You: "I'd think about this in layers. First, infrastructure: is latency spiking, are there GPU errors, is the feature store returning stale values? That's the easy stuff. Then I'd look at the prediction distribution itself. If the model's score distribution starts shifting, that's a signal something changed upstream, even before I have any ground truth."
Interviewer: "But you won't always have ground truth right away, right? Like for a fraud model."
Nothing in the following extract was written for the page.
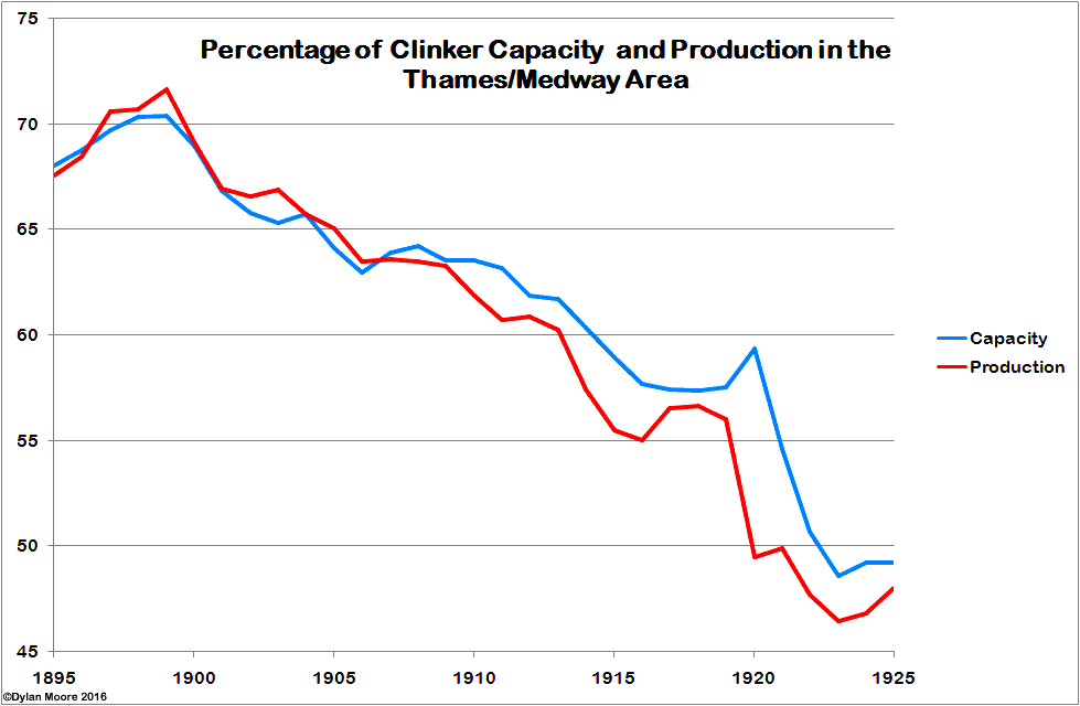 It is interesting to re-examine the original assumptions discussed above in terms of the database information. Firstly, the claim that "upward of 80 per cent. of the entire output of Portland Cement in the United Kingdom is produced on the Thames and Medway". This underlay the proposition that control of the Thames/Medway industry was sufficient to control the whole national industry (Note 10).
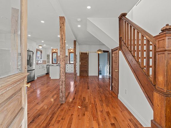 Main living area is open and inviting with brand new hardwood flooring throughout, antique brass fixtures and exposed wood beams. All historic original woodwork has been newly restored.

You: "Exactly, and that's where it gets interesting. For fraud, you might wait 30 days for chargebacks to confirm. So you can't just monitor accuracy. You monitor proxies: the feature distributions, the score distributions, the rate of high-confidence predictions. If those shift, you investigate. You don't wait for labeled data to tell you something's wrong."
Interviewer: "What if the score distribution shifts but your features look fine?"
You: "That's actually a useful signal on its own. It could mean concept drift, where the world changed and the model's learned relationship is stale, even though the inputs look normal. Or it could mean a subtle feature pipeline bug. I'd pull a sample of the shifted predictions, look at the raw features, and compare against the training baseline. Then I'd run the candidate retrained model in shadow mode before touching production."
Interviewer: "Shadow mode meaning what exactly?"
You: "The new model runs in parallel, gets the same requests, but its predictions aren't served. You log everything and compare offline. It's the safest way to validate before you promote, because you're testing against real traffic without any user risk."
Follow-Up Questions to Expect
"How do you set your drift thresholds?" Don't claim a magic number. Say you'd calibrate against historical incidents, start conservative, and tune based on false positive rate over the first few weeks in production.
"What's the difference between data drift and concept drift?" Data drift is the input distribution changing. Concept drift is the input-to-label relationship changing. They look similar on a dashboard but require different responses: data drift often means retraining on fresh data, concept drift might mean rethinking your features entirely.
"Isn't monitoring just dashboards? Why is this actually hard?" Label delay, alert fatigue, and attribution. Knowing your CTR dropped is easy. Knowing whether it dropped because of your model change, a product change, or seasonality requires holdout groups, careful logging, and an experiment platform. That's the hard part.
"How do you avoid impacting serving latency with all this logging?" Log asynchronously. Write to a Kafka topic from the serving layer and let a separate consumer handle persistence to S3 or BigQuery. The serving path should never block on a write.
What Separates Good from Great
- A mid-level answer monitors accuracy and latency. A senior answer explains why accuracy alone is insufficient, walks through proxy metrics for label-delayed systems, and connects drift detection to a concrete retraining workflow with a shadow mode gate before promotion.
- Mid-level candidates mention tools (Evidently AI, W&B, Fiddler) as the answer. Senior candidates explain PSI and KL divergence first, then mention the tools as implementations of those ideas. The concept comes before the name.
- The sharpest candidates think about the "so what" on every alert: who owns it, what the runbook says, whether there's an automated rollback, and how you'd avoid waking someone up at 3am for a false positive. Monitoring without an operational response plan is just noise.
Key takeaway: ML monitoring isn't a dashboard you bolt on after deployment; it's a pipeline that logs every inference, detects distribution shifts before ground truth arrives, and connects model behavior to business outcomes through careful attribution.